# Reading > Who Said That? >  Rather desperate...

## kheldara

"_It is the duty of the reader to save the work from the writer_". 

I came across this quote - or something rather similar - some two years ago. I think it _might_  have been attributed to DH Lawrence - although that's quite uncertain as I can't even remember where I read it - and I'm kicking myself for not having noted it properly, as I've been itching to use it since but can't! 

Any clues or flares of recognition? I know it's the sort of statement any critic might have made...

And if it's a madly famous quote, I'll don my embarassment hat but be hugely grateful forever.  :Rolleyes:

----------


## Basil

"Never trust the artist. Trust the tale. The proper function of a critic is to save the tale from the artist who created it."

This line appears in the first chapter of Lawrence's _Studies of Classic American Literature_ which you can read here if you want the context.  :Smile:

----------


## kheldara

At the risk of sounding just a little bit exuberant, I hereby declare my undying love to you.
 :Smile:  

Seriously, thank you so much! It's such a relief to finally know the whole thing - I was beginning to think I had just mixed up various readings...
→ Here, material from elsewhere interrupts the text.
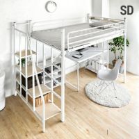 [セミダブル] ロフトベッド 階段タイプ USB+コンセント 多機能ヘッドボード 大容量収納 パイプベッド
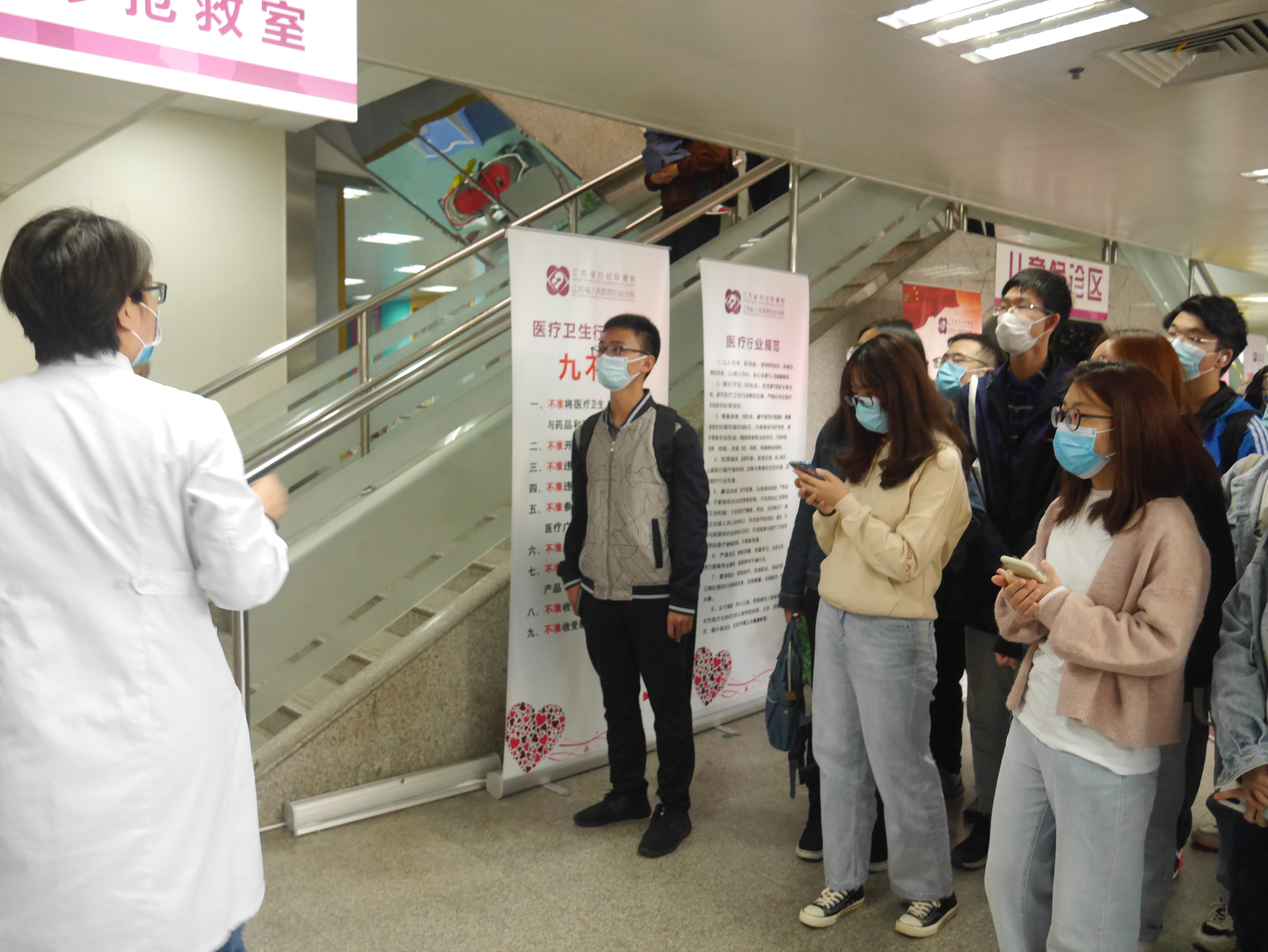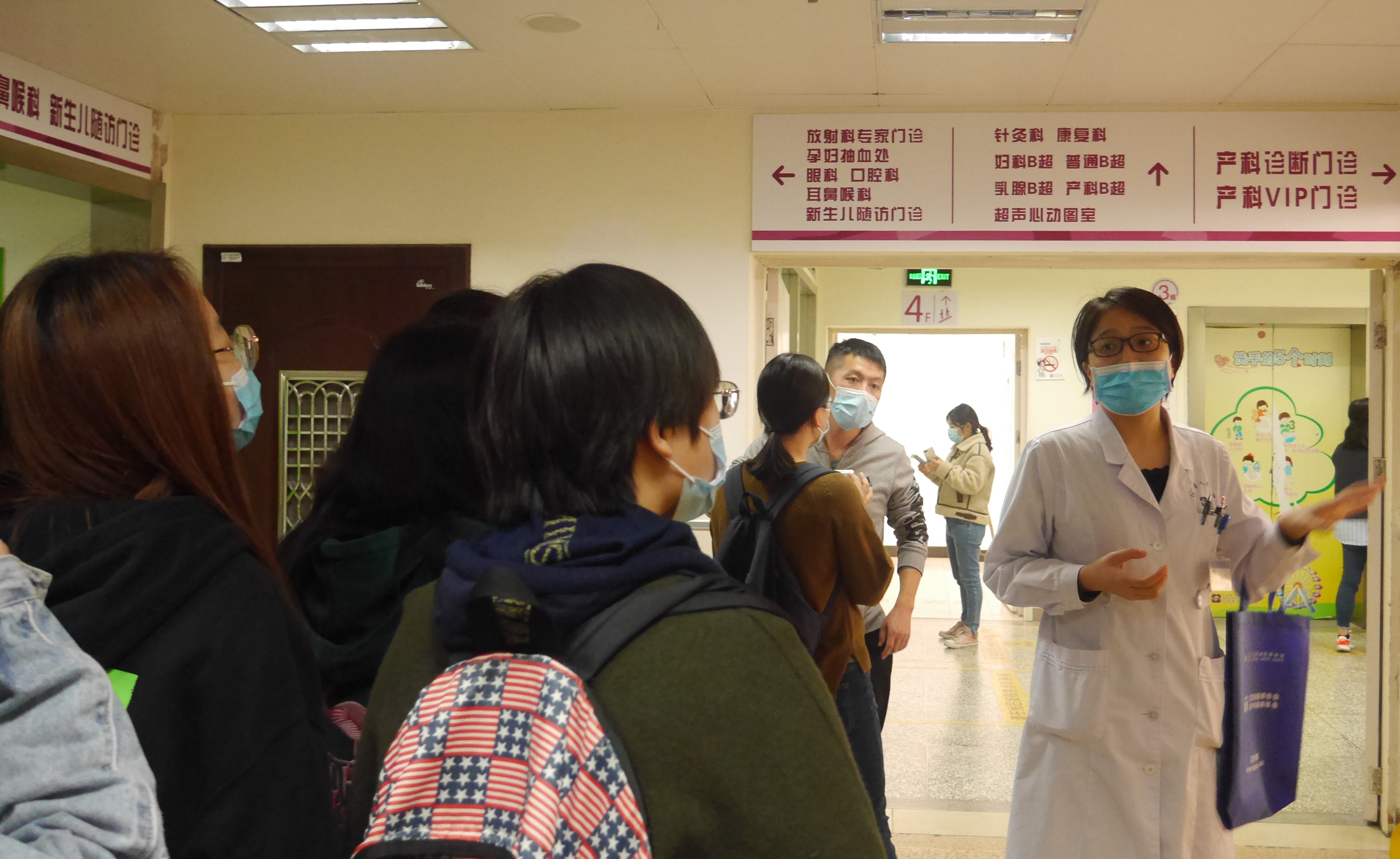 在朱姝老师的带领下,同学们参观了医院门诊部,对产房、门诊的分区结构有了大致的了解。接着,在病房区的会议室里,朱姝老师与大家分享了她的学医经历。同学们积极发言,认真倾听,受益匪浅。

This forum is truly awesome. Hooray!

----------


## Basil

Jeez, seems like I can't ever log in to this forum without _someone_ declaring their undying love for me!

C'mon, people! Can't you all just worship me from afar??

----------


## Janine

> "_It is the duty of the reader to save the work from the writer_". 
> 
> I came across this quote - or something rather similar - some two years ago. I think it _might_  have been attributed to DH Lawrence - although that's quite uncertain as I can't even remember where I read it - and I'm kicking myself for not having noted it properly, as I've been itching to use it since but can't! 
> 
> Any clues or flares of recognition? I know it's the sort of statement any critic might have made...
> 
> And if it's a madly famous quote, I'll don my embarassment hat but be hugely grateful forever.


*Hi kheldara,* Nice to meet you. Glad that Basil has found your quote. If you are at all interested in Lawrence please check out our 'Lawrence Short Story' thread - we are on our 3rd story -"The Prussian Officer". It is not too late to read it and it is available on this site and you still can catch up. If not try the next story and discussion. Also the book of the month will be a Lawrence book, so if you have an interest go to that thread and vote for a book you would be interested in reading. I think there are 4 choices. 

Yes, *Basil*, I bow down to your endless pearls of wisdom. Seriously - good work finding that quote!  :Wink:

----------